The MHRA will introduce a four-class system for IVDs (from Classes A to D) based on the level of risk to patients and public health. Under the new framework:

  • Class A IVDs are self-declared.
  • Class B requires self-declaration plus Quality Management System (QMS) certification.
  • Class C requires conformity assessment by an approved body.
  • Class D requires approved body assessment plus batch release testing and common specification requirements.

This is a significant departure from the current list-based system, under which only specifically enumerated high-risk tests (HIV, hepatitis, blood grouping) attracted rigorous scrutiny. Many IVD companies, including biotech companies with companion diagnostics, genomic testing platforms, and point-of-care products, will find their devices reclassified upward. This will trigger new conformity assessment obligations and, in some cases, approved body involvement for products that were previously self-certified. 

Companies should begin mapping their product portfolios against the new class structure before the legislation lands. Products moving into Classes C or D will need assessment by a UK Approved Body, and Approved Body capacity in the UK is already constrained. Manufacturers who identify affected products early can begin engaging Approved Bodies, building the necessary technical files, and upgrading quality management systems before demand spikes once the legislation comes into force.

Northern Ireland: a frequently overlooked complication

Northern Ireland remains subject to EU rules by virtue of the Windsor Framework, meaning CE marking is mandatory for devices sold there. A U.S. manufacturer entering the GB market through the international reliance route may find itself with a supply chain gap in Northern Ireland if it does not separately hold a CE mark. This is a significantly underappreciated issue in market access planning and merits early attention in any regulatory strategy.
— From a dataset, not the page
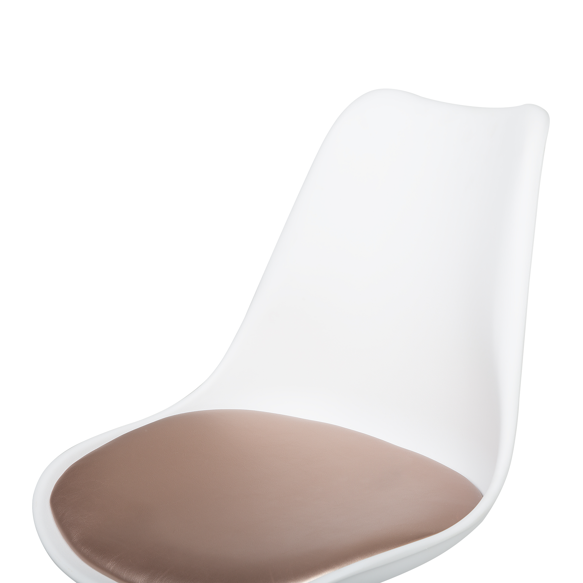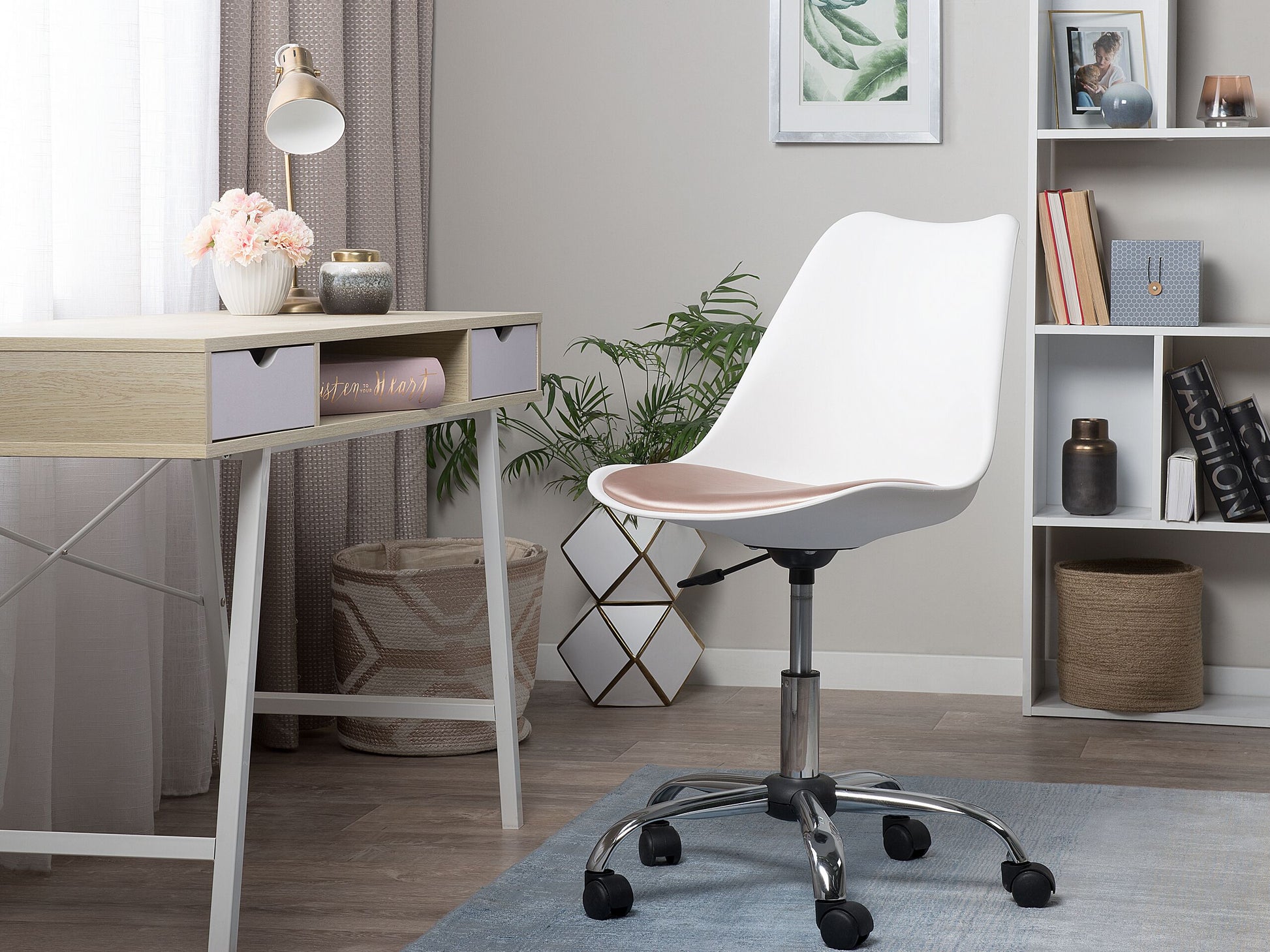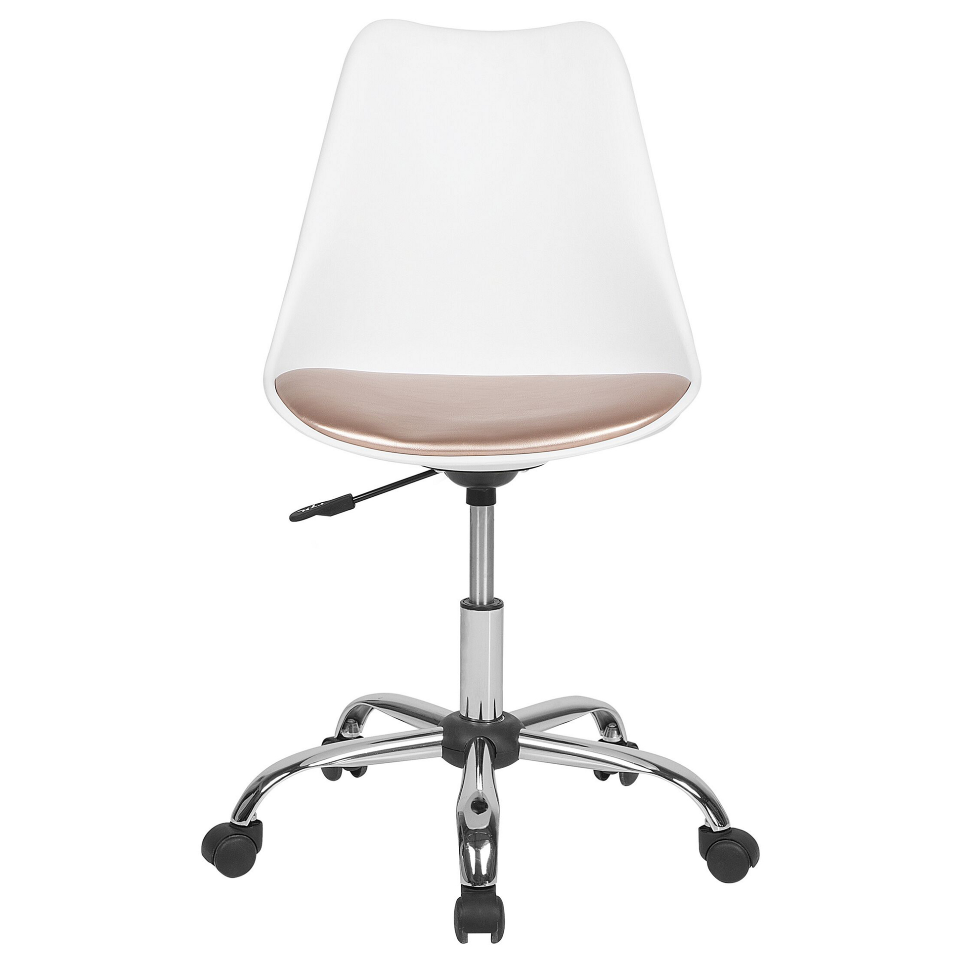 Ein unverzichtbares Element jedes Arbeitsbereichs! Nutzen Sie die Gasdruckfeder, um den Stuhl schnell in die gewünschte Höhe zu bringen und einen angenehmen Sitzplatz zu schaffen. Die besondere Sitzfläche aus Kunstleder in Gold-Rosa trägt nicht nur zum Komfort aber auch zum Flair des Zimmers bei. Die praktischen Laufrollen mit denen man den Sessel auch in sitzender Position an jeden Ort verschieben kann, machen ihn zum funktionalen Begleiter bei der Arbeit. Bei richtiger Pflege überdauert das Modell viele Jahre.   Material: Kunstleder. Zusätzliches Material: Kunstleder, Schaumstoff, Nylon, Polypropylen.  Material Zusammensetzung: 100% Kunstleder Gewicht: 5 Montage: Nicht montiert Gewichtskapazität: 100 Sitzhöhe: 45-55 Das Angebot beinhaltet: 1 x Bürostuhl Sitzfläche: 44x41 Höhe: 79-89 zusätzliche Information: Um sicherzustellen, dass die Konstruktion stabil und die Nutzungssicherheit gewährleistet ist, sollte man 2 Wochen nach dem Zusammenbau überprüfen, ob die Ware auch korrekt montiert wurde. Ausserdem ist alle 3 Monate zu prüfen, ob die Schrauben richtig festgezogen sind. Breite: 60 Tiefe: 60 Art: Bürostuhl Stil: Modern Allgemeine Farbe: Weiss Hauptmaterial: Kunstleder

The UK Responsible Person obligation

Any manufacturer not established in the UK must appoint a UK Responsible Person (UKRP). This is a UK-based entity that registers the device with the MHRA and takes on regulatory responsibility in Great Britain. For the United States and other non-UK manufacturers, this is a live compliance obligation under the current regime and raises practical structuring questions: whether to appoint a dedicated UKRP, use a distributor in that role, or establish a UK entity. The UKRP requirement is not affected by the reforms and will persist under the new framework.

What to do now

The regulatory landscape for medical devices in Great Britain is entering a defined period of transition. Manufacturers with existing or planned UK market presence should consider taking the following steps:

  • Assess your GB market access strategy. Determine whether the international reliance route, CE marking, or both best serve your product portfolio and commercial objectives across the UK and EU.
  • Map your IVD portfolio against the new classification framework. Identify products likely to be reclassified upward and plan for new conformity assessment and QMS obligations.
  • Evaluate your Northern Ireland position. Confirm whether your regulatory strategy provides uninterrupted supply chain coverage across both GB and Northern Ireland.
  • Review your UK Responsible Person arrangements. Ensure your UKRP appointment is current, appropriately structured, and aligned with your broader distribution and commercial arrangements.